После Иенской битвы и вступления армии Наполеона в Берлин судебные и уездные комиссии, прусские уездные суды, следственные власти и, главное, судьи, которых оплачивали крупные помещики, куда‑то исчезли. В округе, к которому принадлежала Зимная, в этом медвежьем углу, далеком от военных дорог, в течение целой зимы не показался ни один француз, а уж о немце и говорить не приходится. Таким образом, все было оставлено на произвол судьбы и держалось кое‑как только по инерции. Пан Опадский ни во что не вмешивался. До него доходили только отголоски великих битв и походов французской армии. Когда французы присылали ему приказы о реквизициях, он давал то, что приходилось на его долю; когда брали рекрутов, тоже не спорил и отправил уже в соответствующую инстанцию десятка полтора крепостных. Вообще же он жаждал покоя и конца всяких авантюр. Как и все, он восхищался "великим" Наполеоном и относился к нему с суеверным преклонением; но в то же время он затаил в душе против него глухую и безотчетную отцовскую обиду… С именем французского императора в представлении старика была тесно связана память о погибшем сыне. Когда он вел веселый разговор или думал о будничных делах, его не раз охватывала вдруг невыносимая печаль; в горе он силился представить себе могилу своего дорогого сына, и воображение, пронзая болью сердце, неизменно рисовало ему братскую могилу, куда с кучей убитых мужиков свалили и его сына, потомка старинного рыцарского рода. Тогда по холодному застывшему лицу его скатывались две - три поистине кровавых слезы…

Когда он сидел так у камина, унынием веяло на него из всех углов комнаты. Он чувствовал, что подсту пает злая тоска, что скоро она занесет над ним свой разбойничий нож. Желая отвлечься от тяжелых мыслей, он встал и вышел в соседнюю комнату.

В доброе старое время в ней завтракали и обедали. Это был длинный и довольно узкий зал. Середину его занимал огромный стол, за которым могло сидеть несколько десятков человек. На стенах висели портреты предков. Были там почерневшие полотна, на которых едва можно было различить неестественно прямые, деревянные фигуры, похожие на доски, обернутые в малиновые и желтые ткани; были какие‑то уроды с женскими лицами и затейливыми буклями; были пузатые мужчины с большими красными лицами и обвислыми щеками; были, наконец, портреты людей неописуемой красоты.

На ярко освещенной стене висел портрет рыцаря в латах, выполненный с таким мастерством, что казалось, этот важный человек вот - вот выйдет из рамы. Тяжелый железный панцирь не был для рыцаря парадным одеянием, казалось, он был создан для этих могучих плеч и широкой груди. Сильная рука, вытянутая вперед, опиралась на сломанное древко копья, суровое лицо смотрело не на зрителя, а куда‑то поверх его головы…

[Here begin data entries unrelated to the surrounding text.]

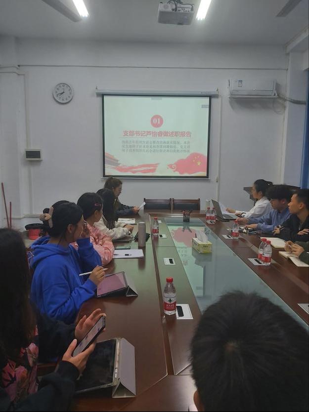李燕芳同志先简要介绍了会议流程,然后支部书记芦怡睿、副书记李燕芳、纪检委员张莹心、宣传委员王鹏潇、组织委员叶琴向全体党员做了述职报告,回顾了支部在2022年的工作进展,讲述了支部这一年的基本情况变化,包括党员、入党积极分子人数的变化。
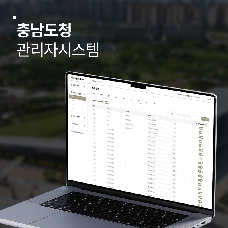 충남도청 안내 키오스크와 관리자시스템을 구축하였습니다. 충남도청 안내 키오스크는 청사 정보 제공을 목적으로 직관적이고 쉬운 UX/UI로 사용자가 쉽게 정보를 습득할 수 있도록 디자인 및 개발 되었습니다.
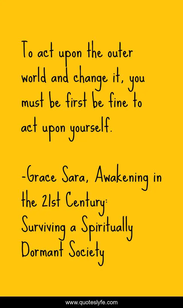 "Grace Sara, Awakening in the 21st Century: Surviving a Spiritually Dormant Society Quotes." Quoteslyfe.com, 2025. Fri. 05 Dec. 2025. <https://www.quoteslyfe.com/quote/To-act-upon-the-outer-world-and-15477>.
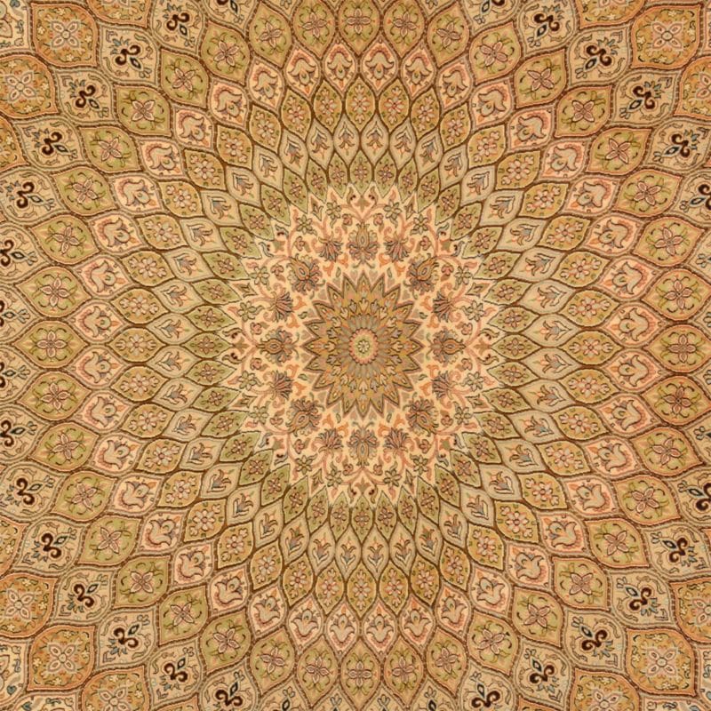 Die Grundlage dieses faszinierenden Teppichs ist die edelste Kashmirseide, die für ihre außergewöhnliche Qualität und Langlebigkeit bekannt ist. Diese besondere Seide sorgt nicht nur für eine angenehme Haptik, sondern auch für einen luxuriösen Glanz, der den Teppich zu einem echten Blickfang macht. Handgeknüpft mit einer Knotendichte von 1.000.000 Knoten vereint dieser Teppich die traditionellen Techniken und das Wissen erfahrener Kunsthandwerker. Jeder Knoten erzählt eine eigene Geschichte und wurde mit größter Sorgfalt und Präzision gefertigt.
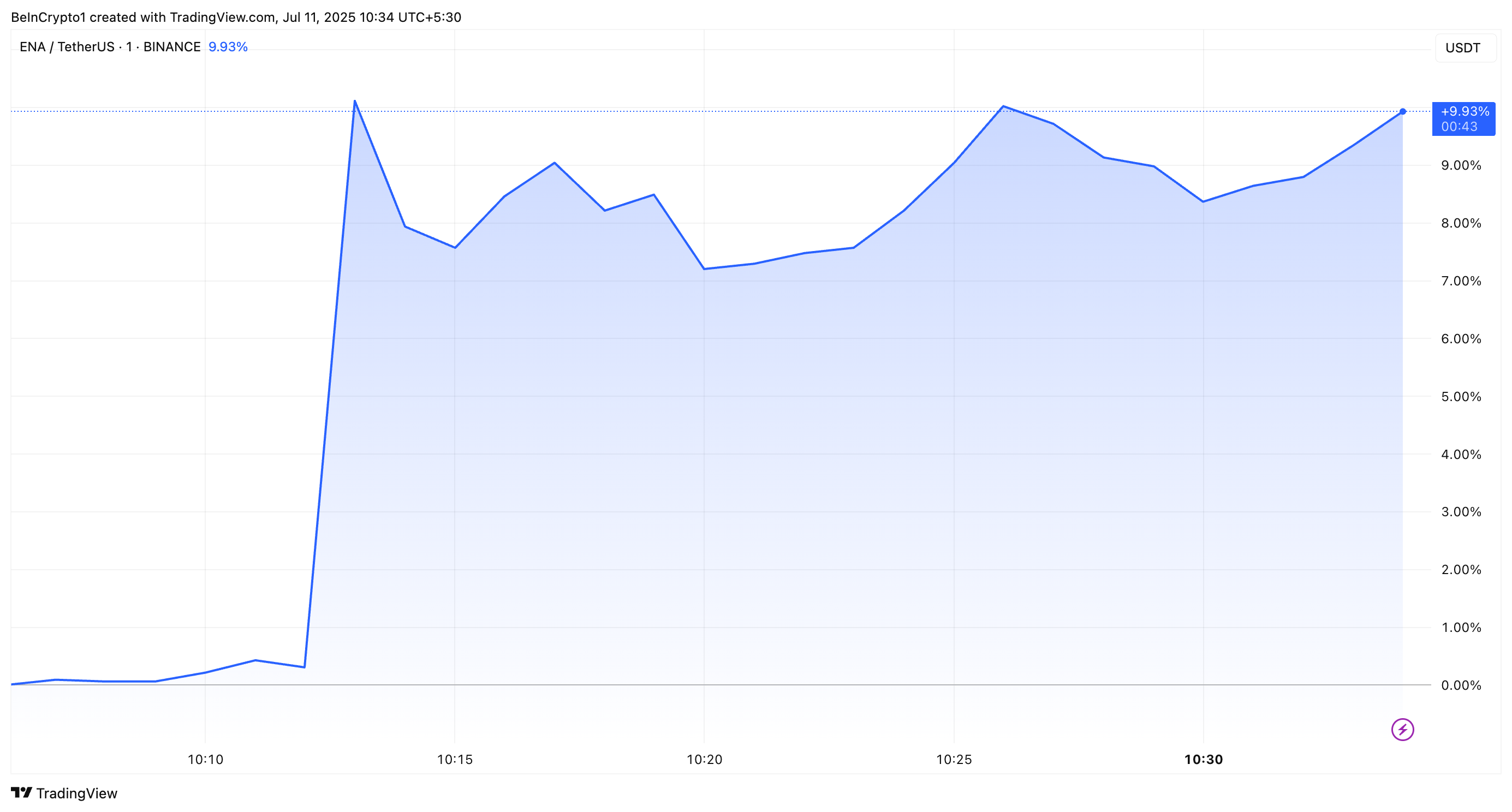 Marknadsdata visade att ENA steg från cirka 0,327 USD till 0,390 USD, vilket motsvarar en ökning på 19,27 %. Den tappade några av dessa vinster och handlades till 0,357 USD vid skrivande stund. Ändå var den upp 9,9 %.
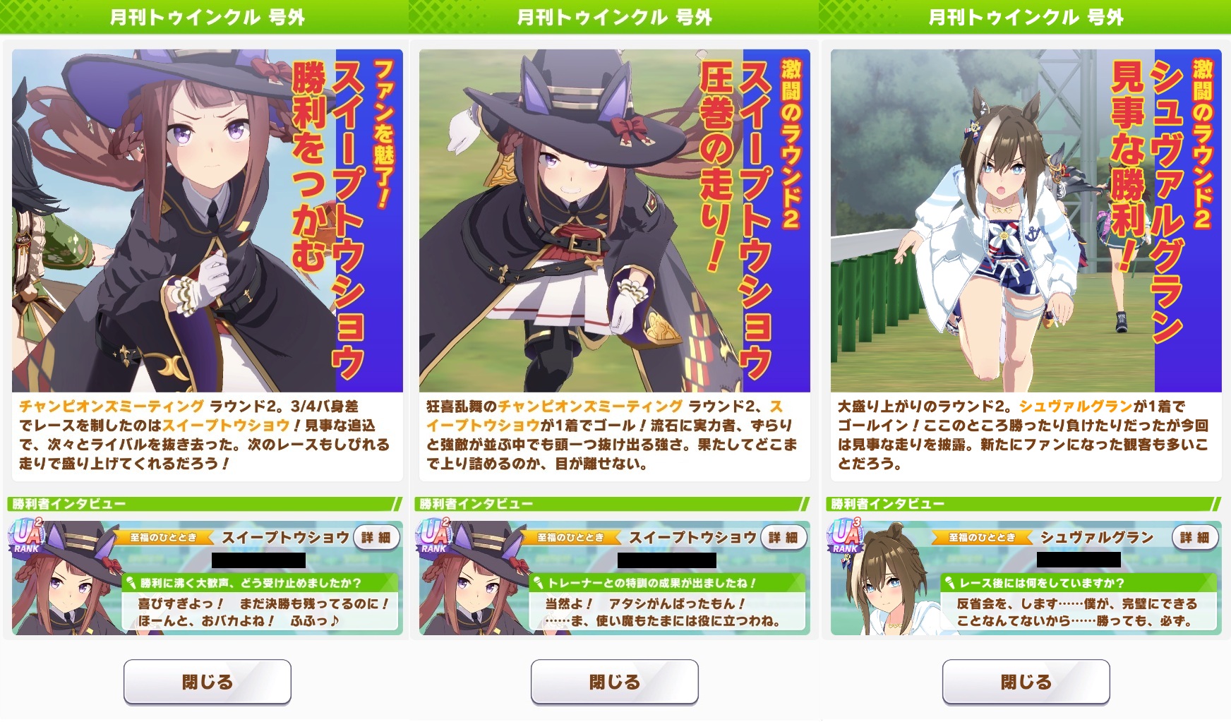 | … | 3826/01/24(土)12:25:04No.1395376312+負けてイライラするより好きなキャラ出して号外蒐集してる方がウマ娘楽しめてるんじゃないかって思えてきたのだ |
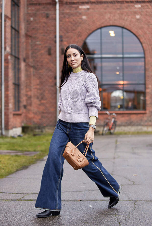 Нельзя не сказать о самом главном – синем. Классический вариант сочетания голубых джинсов с лавандовым свитером - всегда хорошая идея. Сделать образ ярче помогут грубые казаки или разноцветный пуховик.
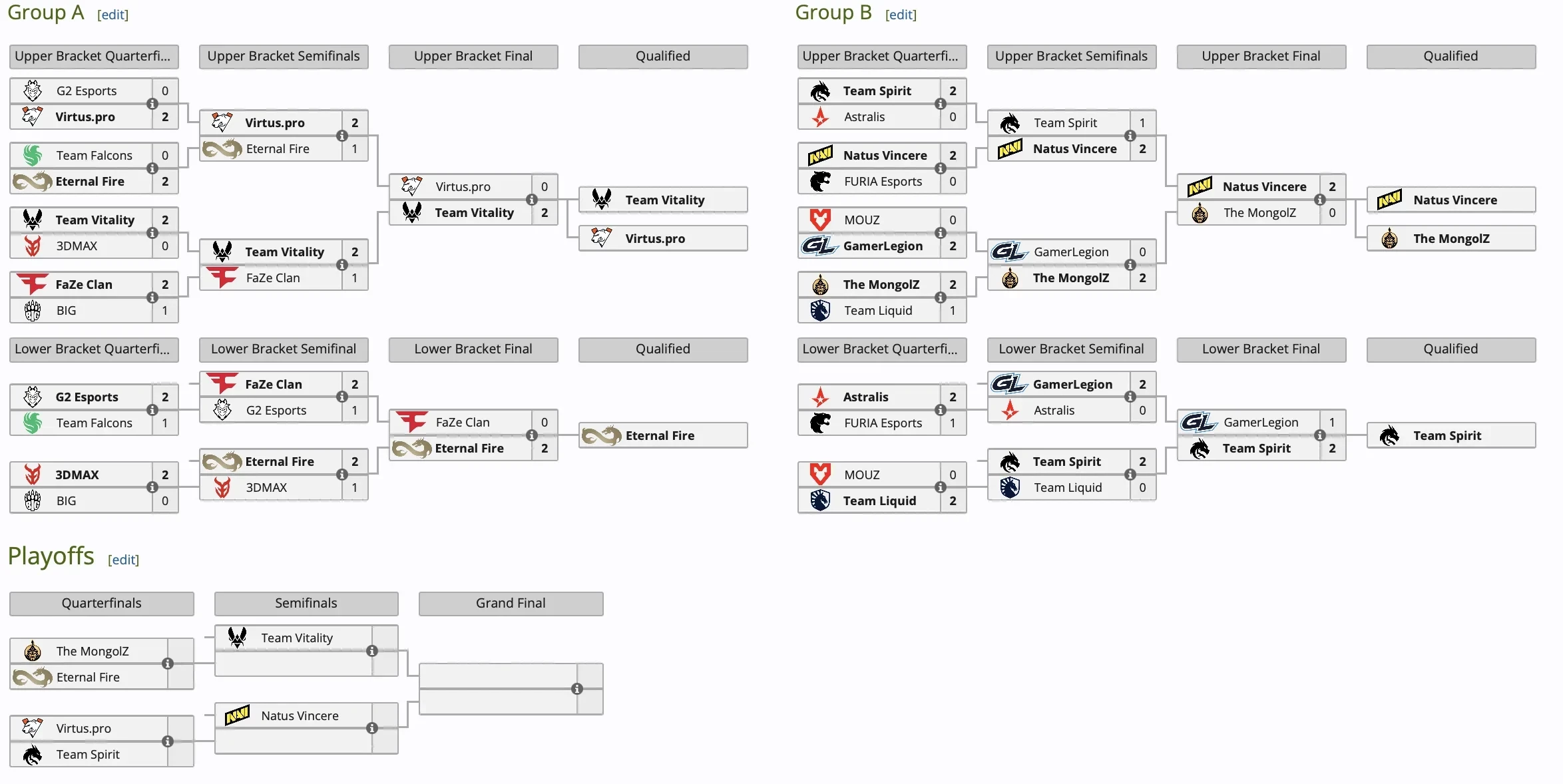 Теперь о плей-офф. В четвертьфинале сыграют The MongolZ и Eternal Fire, Virtus.pro и Team Spirit. Затем победитель первой пары сыграет с Team Vitality, а победитель второй с Natus Vincere. Нокаут-стадия начнется 7 февраля.

На противоположной стене висели портреты пана Опадского и его покойной жены. Оба эти полотна в свое время писал Лампи. На портрете была изображена прелестная женщина с полуобнаженной грудью, устремившая вдаль притворно мечтательный взор. В руке она держала букет цветов. Рядом с нею сидел барин, настоящий барин, веселый и легкомысленный. Темным золотистым тоном были написаны его бритое лицо, красивые, мягкие, холеные щеки и белый, как алебастр, лоб.

Пан Опадский в задумчивости стал расхаживать вокруг стола медленными старческими шагами. Паркет поскрипывал под ногами, едва заметная тень двигалась за ним по стенам. Окна комнаты выходили в сад. Видны были оголенные деревья, мрачные в своей наготе и как бы разбухшие от весенних дождей. На дорогах, в глубине парка, на далеких просторах, всюду было уныло и пусто, и тяжелые предчувствия сте сняли грудь старика, обращая все радости жизни в прах.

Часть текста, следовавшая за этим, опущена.